The article describes an MQL5 EA that automates Wyckoff accumulation and distribution via a finite state machine. It confirms spring to SOS and upthrust to SOW before placing LPS or LPSY entries, using relative tick volume as the confirmation metric. Readers get the state model, detection criteria, code organization, and MetaTrader 5 testing procedure.
One of the most enduring frameworks in technical analysis is the Wyckoff method. Richard Wyckoff developed it in the 1930s after decades of observing how large institutional operators accumulate and distribute positions in financial markets.
The method describes market movement not as random noise, but as a series of cause-and-effect cycles driven by institutional supply and demand. These cycles leave identifiable structural footprints—the spring, the sign of strength, the upthrust, and the sign of weakness—that a prepared trader can detect and trade.

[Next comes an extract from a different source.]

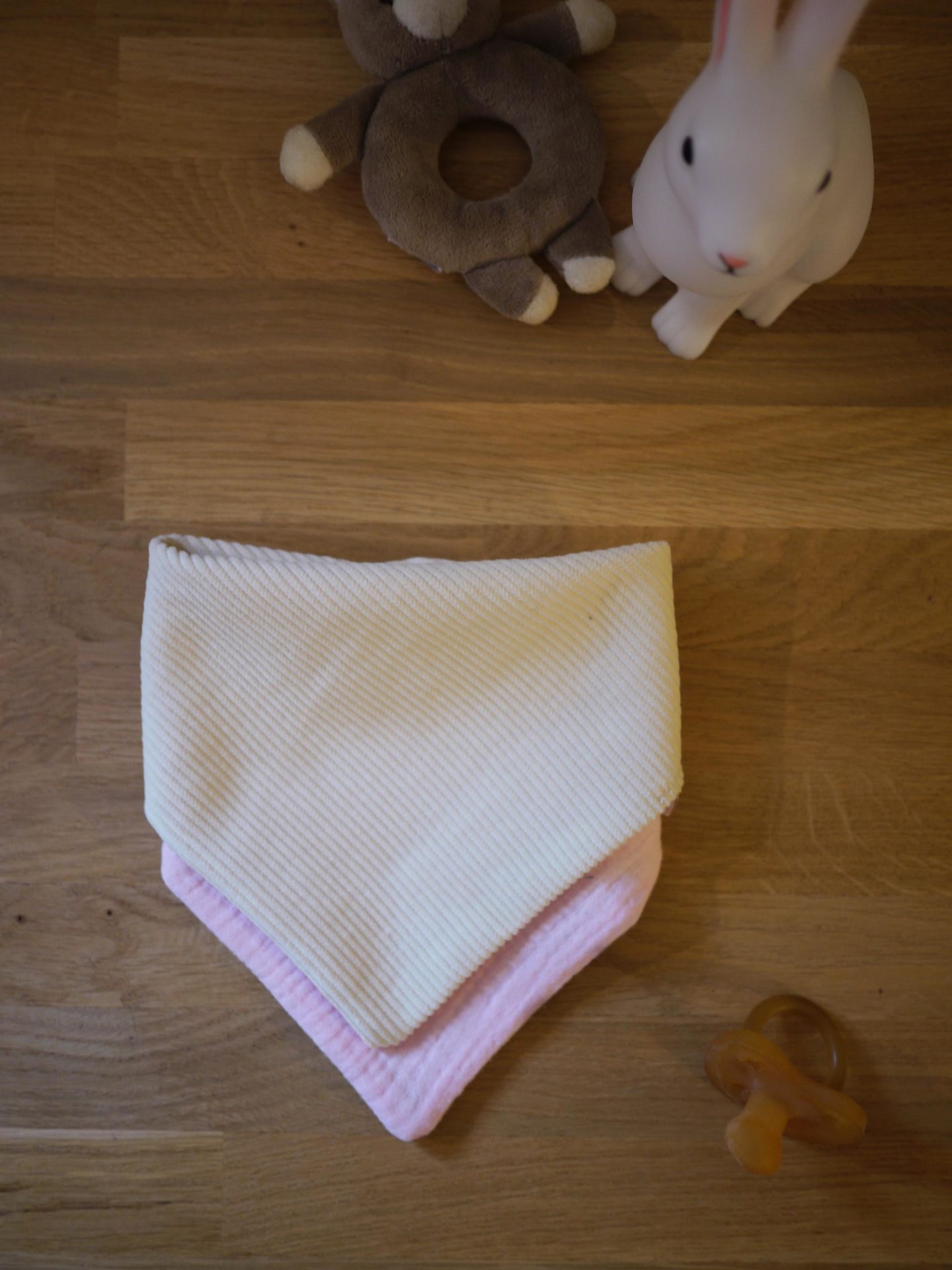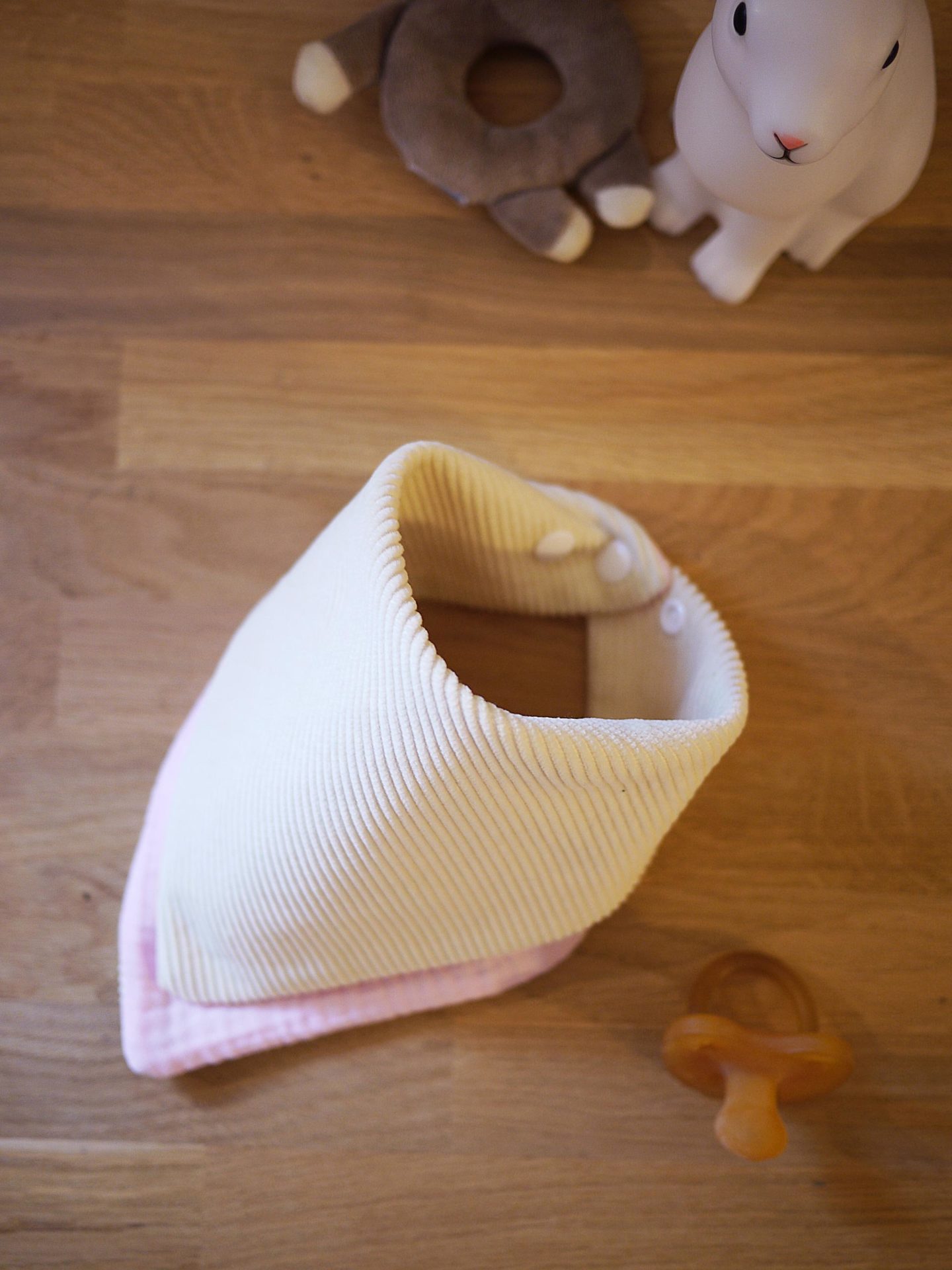 Bavoir bandana réversible – Gaze de coton moutarde et velours

Although widely discussed, the Wyckoff method is rarely automated in MQL5. This is not because individual events are difficult to detect; for example, a close below support is trivial. The challenge is that each Wyckoff event only carries meaning in the context of the events that preceded it. A spring is not merely a dip below support. It is a dip below support that occurs within a defined range, following a prior downtrend, confirmed by a specific volume signature. Detecting it in isolation is meaningless. Detecting it as part of a validated sequence is everything.
In this article, we build a complete Expert Advisor that automates this sequential detection using a finite state machine. The EA identifies accumulation structures on the H4 timeframe, detects the spring shakeout, confirms demand with a sign of strength, and enters long at the last point of support.